The need for the third class meeting, which is a meeting essentially of the Non-GAR Policyholders, arises from the fact that advice has been given to the Society and to others, in particular to the Financial Services Authority, that Non-GAR Policyholders, or some of them, may have claims against the Society as creditors in respect of mis-selling.  The nature of those claims is potentially quite varied.  I have read two lengthy joint opinions by Mr Warren QC and Mr Lowe, which review a very wide variety of possible claims and which attempt to assess, in general terms, the possible strength and incidents of these different claims and also the impact on them, if any, of the rules about limitation and the relevant principles for quantification of damages.

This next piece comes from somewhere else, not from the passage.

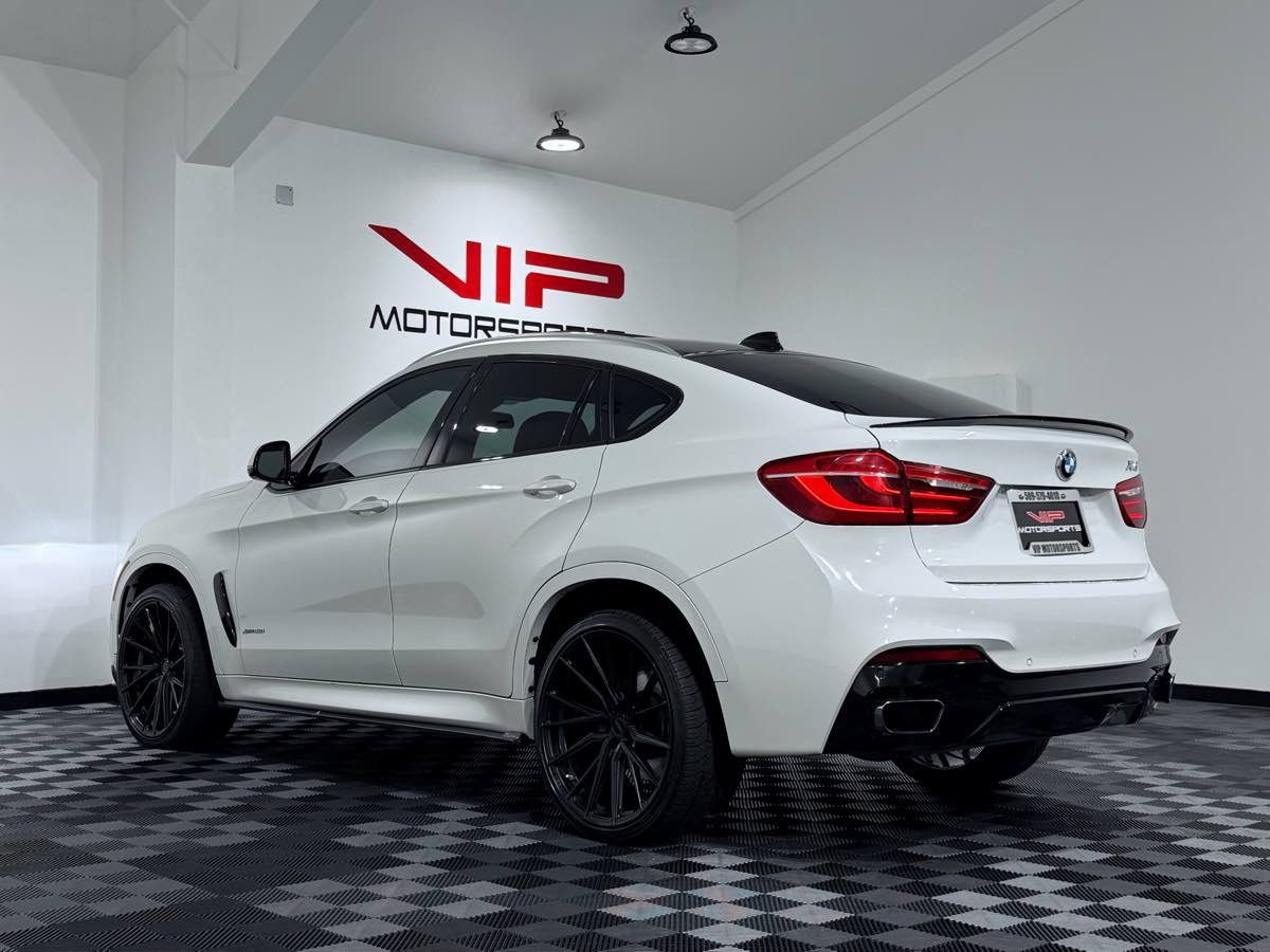 Our hard-to-find Accident Free 2019 BMW X6 xDrive50i makes a commanding statement in Alpine White! Powered by a TurboCharged 4.4 Liter TwinPower V8 that offers 445hp tethered to a paddle-shifted 8 Speed Sport Automatic transmission with Sport/Manual modes and launch control. This All Wheel Drive SUV sends you to 60mph in just 4.6 seconds plus shows off nearly 21mpg on the highway. Our xDrive50i flaunts its powerful performance with bold looks that refuse to be ignored! Examine our photos and admire the distinct alloy wheels, LED fog lights, sunroof, chrome exhaust tips, and xenon adaptive headlights. Open the xDrive50i door to refinement and luxury in a spacious cabin that features multi-contour Dakota leather seats with 3-stage heating functions, ambient lighting, 4-zone automatic climate control, a sunroof, Advanced Key, a multi-function sport steering wheel, and split-folding rear seats. A safe connection is at your fingertips with our iDrive system touchscreen, a touchpad controller, high-resolution navigation, Bluetooth phone/audio connectivity, integrated smartphone apps, and a Harman Kardon sound system with HD and available satellite radio. This BMW comes well-equipped with safety features to help you avoid and manage challenging driving situations as you make your way. BMW Assist emergency communications, stability/traction control, advanced airbags, and rear parking sensors offer peace of mind. Reward yourself with this X6 xDrive50i for an ideal blend of brilliant driving dynamics, awesome utility, and absolute comfort. Save this Page and Call for Availability. We Know You Will Enjoy Your VIP Motorsports Test Drive Towards Ownership!

The view has been taken, in the light of that advice or that expression of view, that there are possible claims, principally by the Non-GAR Policyholders, but also consequentially, to some extent, by the GAR Policyholders.  These are claims against the Society in respect of mis-selling of the relevant policies which need to be compromised as part of any arrangement.  What is therefore proposed is that, on the one hand, the GAR Policyholders will be present in person or by proxy at one class meeting and will vote on the scheme, thereby considering whether to accept the proposed uplift of their policy values in exchange for the surrender of their guaranteed annuity rate rights and also, incidentally, waiving any mis-selling claims they may have.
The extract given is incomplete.